Description of the drawings
Fig. 1 is the step flow chart of the Method for Automatic Text Summarization semantic based on enhancing of the present invention;
Fig. 2 is the Semantic Similarity Measurement structure chart in the present invention;
The algorithm flow chart of Fig. 3 each steps when being the decoding generation abstract word in the present invention.
Specific implementation mode
In order to make the object, technical scheme and advantages of the embodiment of the invention clearer, below in conjunction with the embodiment of the present invention
In attached drawing, technical scheme in the embodiment of the invention is clearly and completely described, it is clear that described embodiment is
A part of the embodiment of the present invention, instead of all the embodiments.Based on the embodiments of the present invention, those of ordinary skill in the art
The every other embodiment obtained without making creative work, shall fall within the protection scope of the present invention.
Embodiment
As shown in Figure 1, including based on the semantic Method for Automatic Text Summarization of enhancing:Text Pretreatment step, coding step,
Decoding step, attention step, summarization generation step.Wherein:
Text Pretreatment step, text data here can be the corpus crawled by reptile, can also be to increase income
Corpus, by taking CNN/Daily Mail as an example, by article-abstract to forming, every article is averaged 780 words, abstract
Average 56 words.Source text is segmented, form reduction, after reference resolution, according to word frequency height, the word of 200k is made before obtaining
For basic vocabulary, and extension vocabulary corresponding with the word of each text composition, while by special marking [PAD], [UNK],
[START], vocabulary is added in [STOP], and the word of text is switched to id, and one sequence of each correspondence is made a summary similarly, training set
Including 287226 samples, verification collection includes 13368 samples, and test set includes 11490 samples.
Coding step obtains the vector of 128 dimensions, by neural network after carrying out word embedding to list entries
Obtain the text representation vector of a carrying text sequence information.
Wherein, list entries is the id sequences for obtaining article after conversion, and maximum length is taken as 700, shortest length
It is 30.
Wherein, the neural network in coding step is the LSTM compositions of a single-layer bidirectional, and hidden layer unit number is 256,
It connects forward and reverse hidden layer state h to obtain final hidden state.

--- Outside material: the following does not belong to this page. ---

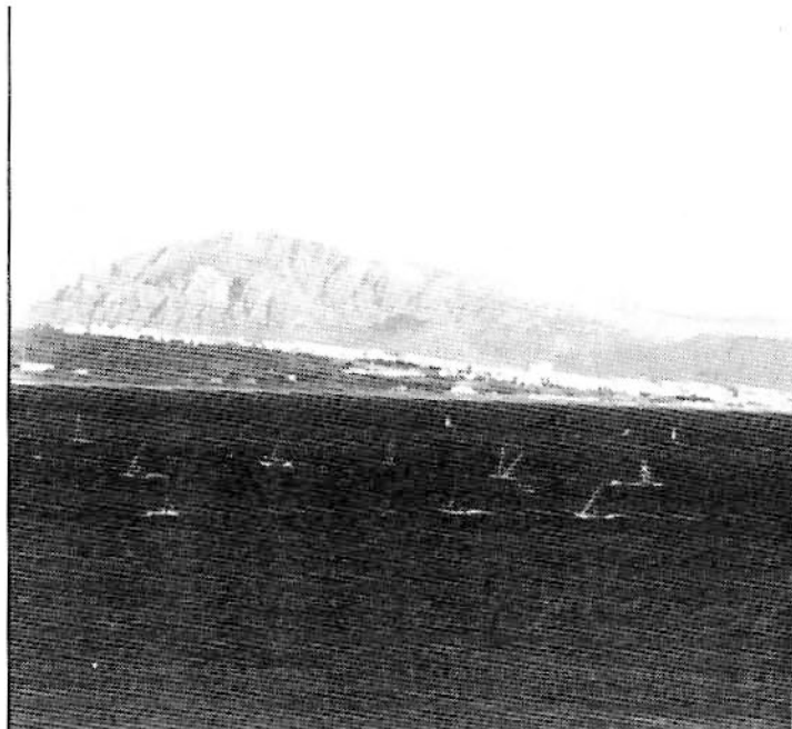
Practica del windsurfing en las costas tarilenas. (Foto M. Rojas).

Decoding step receives the term vector of list entries, by the unidirectional LSTM neural networks of single layer, obtains final hidden layer
State st, hidden unit number is 256.
Attention calculates step, and decoded state s is obtained in conjunction with current time decoding steptWith the list entries of coding step
Hiding layer state, obtain the context vector u at current timet。
Wherein, t moment context vector calculation is as follows:
Wherein, v, Wh, WsAnd battIt is the parameter for needing to learn, hiFor the hidden layer state value of encoder, N is input sequence
The length of row.
Summarization generation step, by decoding step obtain output by two linear layers be mapped as vocabulary size dimension to
Amount, each is tieed up the probability for representing word in vocabulary, candidate word is selected with certain selection strategy.
Wherein, selection strategy refers to that test phase selects 4 knots of maximum probability with each step of beam search algorithms
Fruit, to the last obtains the abstract sequence of maximum probability, and the training stage only takes the word of maximum probability, make a summary after generating completely with
Comparative evaluation is carried out with reference to abstract.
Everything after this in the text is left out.